3 months ago, people thought the US$ is a washout and will be trending down. Not only did it not fall, it held steady and gained against a number of major currencies including the S$ & Japanese Yen. Where do we go from here? .....This is the conventional market wisdom that I see quite often in the media:
1. The recent rise in stock markets is a bear market rally.
2. The US economy is slowing and recession will come soon.
3. The stock markets will start to tank ...this rally cannot last.
The logic is so compelling, you might be tempted to sell all your investments, wait for bad times to come then buy everything back at a lower price. The other day, an analyst went on TV to say that private property prices will drop by 35% in Singapore. Now that is scary isn't it but will it come true? Should you sell your home and buy it back 6 months from now.

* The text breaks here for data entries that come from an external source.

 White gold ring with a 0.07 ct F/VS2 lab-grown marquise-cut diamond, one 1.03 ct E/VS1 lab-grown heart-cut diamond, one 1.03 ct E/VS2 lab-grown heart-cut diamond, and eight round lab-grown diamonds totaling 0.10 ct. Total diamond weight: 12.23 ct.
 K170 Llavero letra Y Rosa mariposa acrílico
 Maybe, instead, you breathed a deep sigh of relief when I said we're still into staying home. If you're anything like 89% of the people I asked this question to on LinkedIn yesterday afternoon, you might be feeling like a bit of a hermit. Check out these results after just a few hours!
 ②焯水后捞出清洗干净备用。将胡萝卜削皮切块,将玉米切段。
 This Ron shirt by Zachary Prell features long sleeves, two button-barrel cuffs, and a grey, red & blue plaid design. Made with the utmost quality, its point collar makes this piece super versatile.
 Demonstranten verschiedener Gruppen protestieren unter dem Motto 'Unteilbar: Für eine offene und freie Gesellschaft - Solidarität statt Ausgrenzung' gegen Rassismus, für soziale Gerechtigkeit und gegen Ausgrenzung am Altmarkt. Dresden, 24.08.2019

The problem with predictions is there are so many factors involved it makes most predictions useless. I find that except of occasional periods of over exuberance (which have unpredictable lengths) and periods of terrible pessimism (which also have unpredictable lengths).....when one may be more motivated to buy or sell....timing the market is usually futile exercise.
What about charts? One of my friends swear by this series of videos, he tells me not only have the been right on every major move, turning points on the markets, they are able to explain everything with great clarity.

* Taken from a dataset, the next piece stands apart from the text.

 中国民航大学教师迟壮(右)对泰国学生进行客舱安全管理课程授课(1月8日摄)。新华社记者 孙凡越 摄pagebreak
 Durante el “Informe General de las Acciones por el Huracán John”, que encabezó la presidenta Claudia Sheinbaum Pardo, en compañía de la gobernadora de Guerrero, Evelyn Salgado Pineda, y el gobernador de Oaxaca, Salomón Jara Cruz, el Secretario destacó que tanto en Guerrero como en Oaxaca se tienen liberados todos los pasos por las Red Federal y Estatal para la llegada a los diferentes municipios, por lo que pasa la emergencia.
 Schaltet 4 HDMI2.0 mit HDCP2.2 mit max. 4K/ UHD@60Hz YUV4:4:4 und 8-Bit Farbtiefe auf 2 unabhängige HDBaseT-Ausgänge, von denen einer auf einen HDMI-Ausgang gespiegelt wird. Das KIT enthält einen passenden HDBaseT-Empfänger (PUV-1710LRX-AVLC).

Watch the video for yourself. They are saying the US stock market will start moving down next week starting on Monday or Tuesday ...and so on. There are a number of economic numbers out next week and there is a possibility of the market making big moves when that happens. However, the technical analyst is saying the market will move down with a greater probability than it will move up. He uses past movement in the market to divine the future. The market may move down just like he predicted ....but it can also move up because nobody knows what the economic numbers will show before they are released. While this technical analyst has been right, does it mean he is able to continue predicting the markets? Was it luck or skill? My belief is the market will end next week up with 50% probability and down with 50% probability. I find it interesting to listen to people's predictions and their views but I've never found anyone able to time the market accurate enough to follow. This feller might have been right for the past few months but going ahead, I still believe his predictions are 50-50. ...

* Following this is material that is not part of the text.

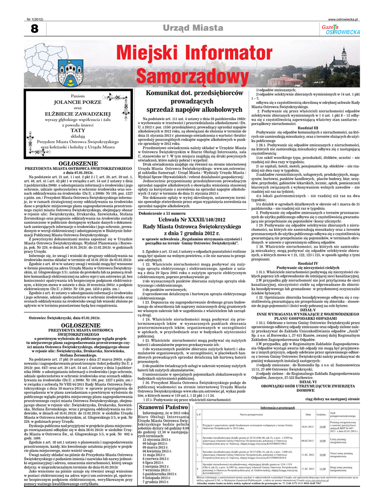 Nr 1(3012) www.ostrowiecka.pl 8 Urząd Miasta Miejski Informator Samorządowy Paniom JOLANCIE PORZE oraz ELŻBIECIE ZAWADZKIEJ wyrazy głębokiego współczucia i żalu z powodu śmierci TATY składają Prezydent Miasta Ostrowca Świętokrzyskiego oraz koleżanki i koledzy z Urzędu Miasta OGŁOSZENIE PREZYDENTA MIASTA OSTROWCA ŚWIETOKRZYSKIEGO z dnia 07.01.2013r. Na podstawie art. 21 ust. 1 i ust. 2 pkt 2 i 7, art. 30, art. 39 ust. 1, art. 40, art. 41 i art. 42 pkt 1 w związku z art. 54 ust 2 ustawy z dnia 3 października 2008r. o udostępnianiu informacji o środowisku i jego ochronie, udziale społeczeństwa w ochronie środowiska oraz ocenach oddziaływania na środowisko (Dz.U. z 2008r. Nr 199, poz. 1227 z późn. zm.) Prezydent Miasta Ostrowca Świętokrzyskiego informuje, że w ramach strategicznej oceny oddziaływania na środowisko dane o projekcie miejscowego planu zagospodarowania przestrzennego części miasta Ostrowca Świętokrzyskiego, obejmujący obszar w rejonie ulic: Świętokrzyska, Drukarska, Szewieńska, Stefana Żeromskiego oraz prognozie oddziaływania na środowisko zostały zamieszczone w publicznie dostępnym wykazie danych o dokumentach zawierających informacje o środowisku i jego ochronie, prowadzonym w wersji elektronicznej i udostępnionym w Biuletynie Informacji Publicznej Miasta Ostrowca Świętokrzyskiego. Z powyższymi dokumentami można zapoznać się w Urzędzie Miasta Ostrowca Świętokrzyskiego, Wydział Planowania i Rozwoju, pok. Nr 229, w dniach od 16.01.2013r. do 13.02.2013r. w godzinach pracy Urzędu. Informuje się, że uwagi i wnioski do prognozy oddziaływania na środowisko można składać w terminie od 16.01.2013r. do 05.03.2013r. Zgodnie z art. 40 w/w ustawy uwagi i wnioski mogą być wnoszone w formie pisemnej na adres Urzędu Miasta w Ostrowcu Świętokrzyskim, ul. Głogowskiego 3/5), ustnie do protokołu lub za pomocą środków komunikacji elektronicznej na adres [email protected], bez konieczności opatrywania ich bezpiecznym podpisem elektronicznym, o którym mowa w ustawie z dnia 18 września 2001r. o podpisie elektronicznym (Dz.U. z 2001r. Nr 130, poz. 1450 z późn. zm.). Zgodnie z art. 41 ustawy o udostępnianiu informacji o środowisku i jego ochronie, udziale społeczeństwa w ochronie środowiska oraz ocenach oddziaływania na środowisko uwagi lub wnioski złożone po upływie w/w terminu pozostawione będą bez rozpatrzenia. Ostrowiec Świętokrzyski, dnia 07.01.2013r. OGŁOSZENIE PREZYDENTA MIASTA OSTROWCA ŚWIĘTOKRZYSKIEGO o powtórnym wyłożeniu do publicznego wglądu projektu miejscowego planu zagospodarowania przestrzennego części miasta Ostrowca Świętokrzyskiego, obejmującego obszar w rejonie ulic: Świętokrzyska, Drukarska, Szewieńska, Stefana Żeromskiego. Na podstawie art. 17 pkt 10 ustawy z dnia 27 marca 2003r. o planowaniu i zagospodarowaniu przestrzennym (tekst jednolity Dz.U. z 2012r. poz. 647) oraz art. 30 i art. 54 ust. 3 ustawy z dnia 3 października 2008r. o udostępnianiu informacji o środowisku i jego ochronie, udziale społeczeństwa w ochronie środowiska oraz ocenach oddziaływania na środowisko (Dz.U. z 2008r. Nr 199, poz. 1227 z późn. zm.) w związku z uchwałą Nr VIII/44/2011 Rady Miasta Ostrowca Świętokrzyskiego z dnia 30 marca 2011r. w sprawie przystąpienia do sporządzenia w/w planu zawiadamiam o powtórnym wyłożeniu do publicznego wglądu projektu miejscowego planu zagospodarowania przestrzennego części miasta Ostrowca Świętokrzyskiego, obejmującego obszar w rejonie ulic: Świętokrzyska, Drukarska, Szewieńska, Stefana Żeromskiego, wraz z prognozą oddziaływania na środowisko, w dniach od 16.01.2013r. do 13.02.2013r. w siedzibie Urzędu Miasta w Ostrowcu świętokrzyskim, ul. Głogowskiego 3/5, w pok. Nr 229, w godzinach pracy Urzędu. Dyskusja publiczna nad przyjętymi w projekcie planu miejscowego rozwiązaniami odbędzie się w dniu 28.01.2013r. w siedzibie Urzędu Miasta w Ostrowcu Św., ul. Głogowskiego 3/5, w pok. Nr 002 o godz. 1400. Zgodnie z art. 18 ust.1 ustawy o planowaniu i zagospodarowaniu przestrzennym, każdy, kto kwestionuje ustalenia przyjęte w projekcie planu miejscowego, może wnieść uwagi. Uwagi należy składać na piśmie do Prezydenta Miasta Ostrowca Świętokrzyskiego z podaniem imienia i nazwiska lub nazwy jednostki organizacyjnej i adresu, oznaczenia nieruchomości, której uwaga dotyczy, w nieprzekraczalnym terminie do dnia 05.03.2013r. Jako wniesione na piśmie uznaje się również uwagi wniesione w postaci elektronicznej na adres [email protected], opatrzone bezpiecznym podpisem elektronicznym, weryfikowanym przy pomocy ważnego kwalifikowanego certyfikatu. Komunikat dot. przedsiębiorców prowadzących sprzedaż napojów alkoholowych Na podstawie art. 111 ust. 4 ustawy z dnia 26 października 1982r. o wychowaniu w trzeźwości i przeciwdziałaniu alkoholizmowi (Dz. U. z 2012 r. poz. 1356) przedsiębiorcy, prowadzący sprzedaż napojów alkoholowych w 2012 roku, są obowiązani do złożenia w terminie do dnia 31 stycznia 2013 r. pisemnego oświadczenia o wartości (brutto) sprzedaży poszczególnych rodzajów napojów alkoholowych w punkcie sprzedaży w 2012 roku. Przedmiotowe oświadczenia należy składać w Urzędzie Miasta w Ostrowcu Świętokrzyskim w Biurze Obsługi Interesanta, sala C, stanowisko nr 7. W tym miejscu znajdują się druki powyższych oświadczeń, które należy pobrać i wypełnić. Druk oświadczenia znajduje się również na stronie internetowej Urzędu Miasta Ostrowca Świętokrzyskiego: www.um.ostrowiec. pl zakładka Samorząd / Urząd Miasta / Wydziały Urzędu Miasta / Wydział Spraw Obywatelskich / referat działalności gospodarczej/. Jednocześnie przypominamy przedsiębiorcom prowadzącym sprzedaż napojów alkoholowych o obowiązku wniesienia stosownej opłaty za korzystanie z zezwolenia na sprzedaż napojów alkoholowych (I raty) w terminie do dnia 31 stycznia 2013 r. Nie dokonanie opłaty w wy

For most people the best approach would be to forget timing the market all together. It is a waste of time and energy. Especially when the market has been restored from "crisis" mood to something more "normal" what is known about the global economy - US economic slowdown, inflation, bank losses etc is actually discounted by the markets and built into the prices. The best thing to do for people who are young is to make regular investments in a diversified portfolio and not waste too much time trying to time the markets. Your time horizon should be at least 10 years and in a few years this whole mess with subprime & US housing despite the severity will be just a small blip. In 1998, we had the Asian crisis, in 2000 the dot.com bubble burst, in 2001 we had 911, in 2002 we had widespread corporate malfeasance, in 2003 we had SARS, in 2007 we had the subprime crisis. But if you have invested in the stock market at regular intervals say every month, you would have still beaten the fixed interest rate by a sizable margin.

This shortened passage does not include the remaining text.